The Lown Institute is an independent think tank that examined the overuse of percutaneous coronary interventions (coronary stent or balloon angioplasty) at 1,733 hospitals and outpatient facilities that perform the procedure, finding that 229,000 procedures qualified as overuse. When used appropriately, the procedure can save the life of someone experiencing a heart attack, but its overuse costs Medicaid and U.S. taxpayers $800 million per year, Lown found.
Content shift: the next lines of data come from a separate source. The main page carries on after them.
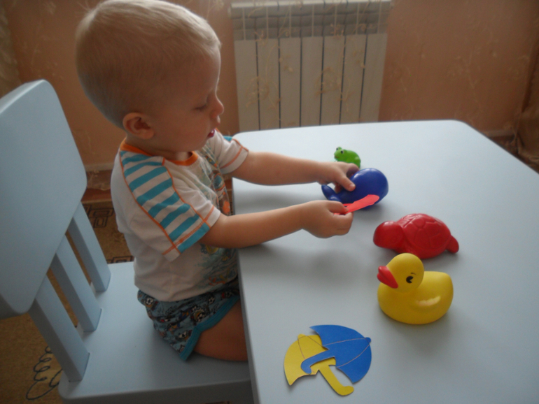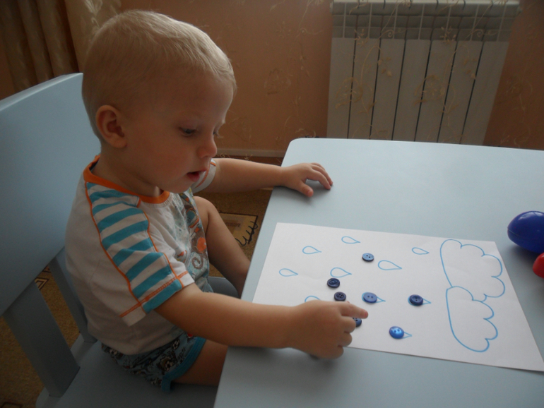 Второй день изучали дождик. Рассматривали картинки на стене, отметили погоду на календаре. Сделали зарядку, поиграли с зонтиком под музыку прятались от дождя, попрыгали через лужи. Послушали звуки дождя. После такой веселой игры сели немного поиграть в спокойные игры. Сделали дождик тучке из прищепок, капельки дождя из мозаики и пуговиц, раздали зонтики зверюшкам, сначала по размеру, потом по цветам, считали тучки, играли с водой.
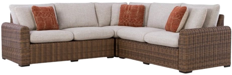 Get back to nature with the relaxed styling of this outdoor sectional. Crafted with a sturdy aluminum frame and resin wicker, it offers exceptional durability and style. The sectional's plush cushions, covered in high-performance Nuvella® fabric, are as resilient as they are attractive. Sounds like fabulous form and function to us.Read More
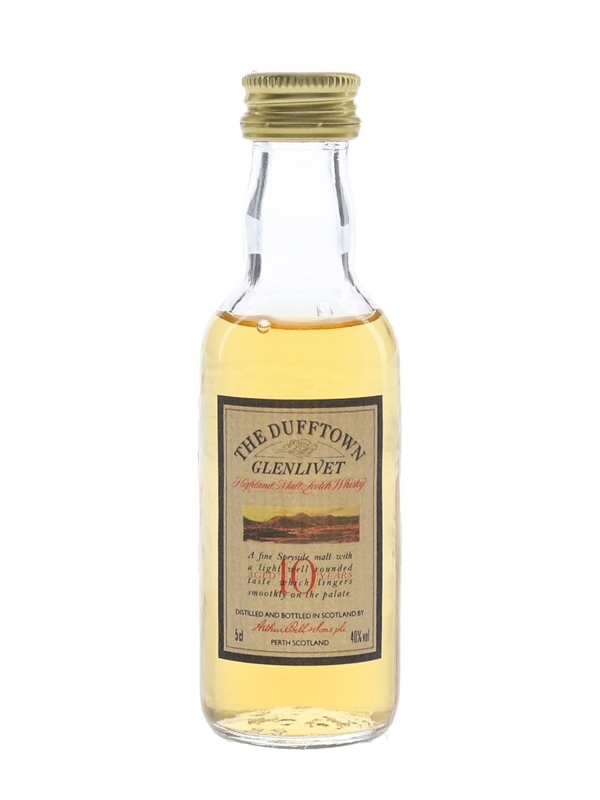 A miniature bottle of The Dufftown Glenlivet 10 Year Old Highland Malt Scotch Whisky, produced by Arthur Bell & Sons. We estimate this was bottled in the 1980s to 1990s.
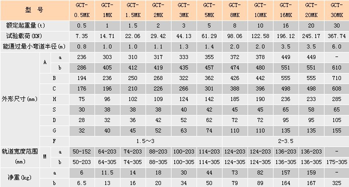 浙江手牌 GCT-MK型手推/手鏈單軌小車技術參數:
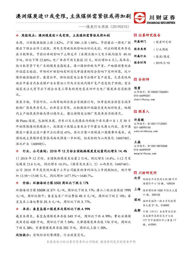 【川财证券】【20190210】20190210-川财证券-煤炭行业周报:澳洲煤炭进口或受限,主焦煤供需紧张或将加剧-16页
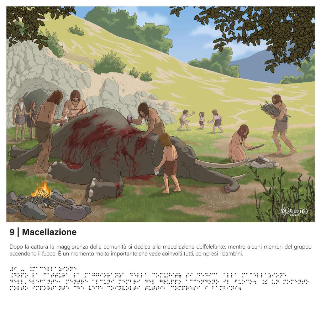 Al Museo di Casal de’ Pazzi un nuovo percorso espositivo multisensoriale permanente presenta la vita quotidiana di un gruppo di neandertaliani ricostruita su tavole illustrate a rilievo

The think tank estimates that more than 20 percent of all stents placed in Medicare patients between 2019 and 2021 were unnecessary at a cost of $2.44 billion.

While no one doubts the importance of the procedure during or right after a heart attack, many of the unnecessary stents are being used for those with stable heart conditions, which research shows are better treated with medication therapy. Not only is this costly, but heart surgery is more dangerous for patients than other cheaper, safer, and more effective treatments. The stent procedure can result in a tear or perforation of the coronary artery, infection or bleeding where the catheter is inserted, blood clots that can result in stroke or heart attack, and the dye or contrast can cause kidney damage.
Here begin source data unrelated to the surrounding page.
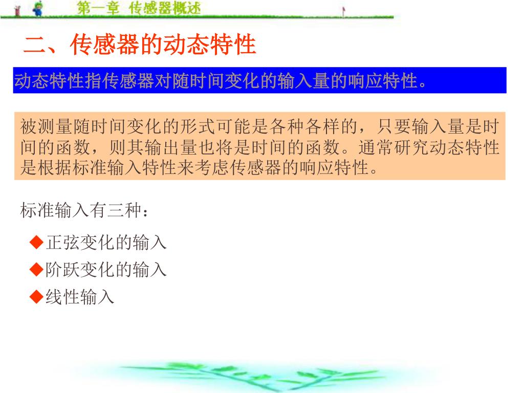 二、传感器的动态特性 动态特性指传感器对随时间变化的输入量的响应特性。 被测量随时间变化的形式可能是各种各样的,只要输入量是时间的函数,则其输出量也将是时间的函数。通常研究动态特性是根据标准输入特性来考虑传感器的响应特性。 标准输入有三种: • 正弦变化的输入 • 阶跃变化的输入 • 线性输入
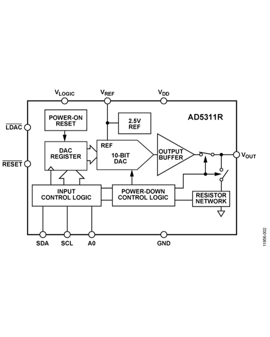 AD5310R/AD5311R采用多功能SPI或I2C 接口,包含一个异步复位引脚和一个 VLOGIC 引脚,可兼容1.8 V。
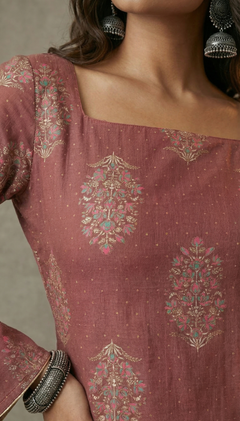 ✔ Elegant Full Sleeves – Full-length sleeves with slight bell/flared cuffs and piping detail.
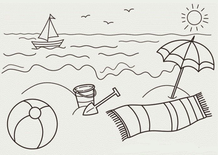 Contoh Mewarnai Pantai - Gambar Mewarnai Gratis
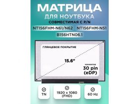 Матрица для ноутбука 15.6" коннектор 30 pin (eDP) 1920x1080 (FHD) TN глянцевая без креплений 35cm 103807320265

“What drives this is that we have a system in which practice doesn’t keep up with evidence,” says Dr. Vikas Saini, a cardiologist and president of The Lown Institute. “After 35 years of trials, the paradigm of the illness is totally wrong. With each successful year and trial showing it doesn’t work, there is less and less justification for continuing the practice.”

Lown found that Northwest Texas Hospital in Amarillo overused stents more than any hospital in the country. Of the 1,394 stents the hospital placed between 2019 and 2021, Lown found that 53 percent met the overuse criteria (see table below). Clements University Hospital was the sixth on the list of top ten hospitals with the highest rate of stent overuse, with 45 percent of the hospital’s 622 stents meeting the criteria for overuse between 2019 and 2021. The Medical Center of Southeast Texas in Port Arthur was also on the list at No. 9. No other state had more than one hospital on the list.
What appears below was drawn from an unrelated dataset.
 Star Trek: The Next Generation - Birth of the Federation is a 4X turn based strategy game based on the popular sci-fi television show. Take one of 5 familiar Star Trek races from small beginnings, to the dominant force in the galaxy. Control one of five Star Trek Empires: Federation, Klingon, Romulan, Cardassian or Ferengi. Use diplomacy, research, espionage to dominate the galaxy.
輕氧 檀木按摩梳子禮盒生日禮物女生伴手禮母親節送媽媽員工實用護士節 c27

NameStents meeting overuse criteriaTotal stentsOveruse rate
Northwest Texas Hospital (Texas)733139452.58%
Riverview Regional Medical Center (Ala.)40180250.00%
Kansas Medical Center LLC (Kan.)41584948.88%
UW Medical Center - Montlake (Wash.)713154446.18%
Riverside Medical Center (Ill.)29965345.79%
UT Southwestern - William P .Clements Jr. University Hospital (Texas)27762244.53%
Terrebonne General Health System (La.)32172544.28%
Keck Hospital of USC (Calif.)26060343.12%
The Medical Center of Southeast Texas (Texas)26160842.93%
MUSC Health Columbia Medical Center Downtown (S.C.)484115641.87%
Data Courtesy of The Lown Institute

Lown analyzed Medicare Advantage and fee-for-service claims for 2019 and 2020 and only fee-for-service claims for 2021, as Medicare Advantage claims were not available for that year. A stent was deemed unnecessary in patients with ischemic heart disease at least six months before the procedure, excluding patients with unstable angina or heart attack in the last two weeks or patients who visited the emergency department in the two weeks before the operation. For Medicare patients, the procedure costs $10,615, of which Medicare pays for $9,015.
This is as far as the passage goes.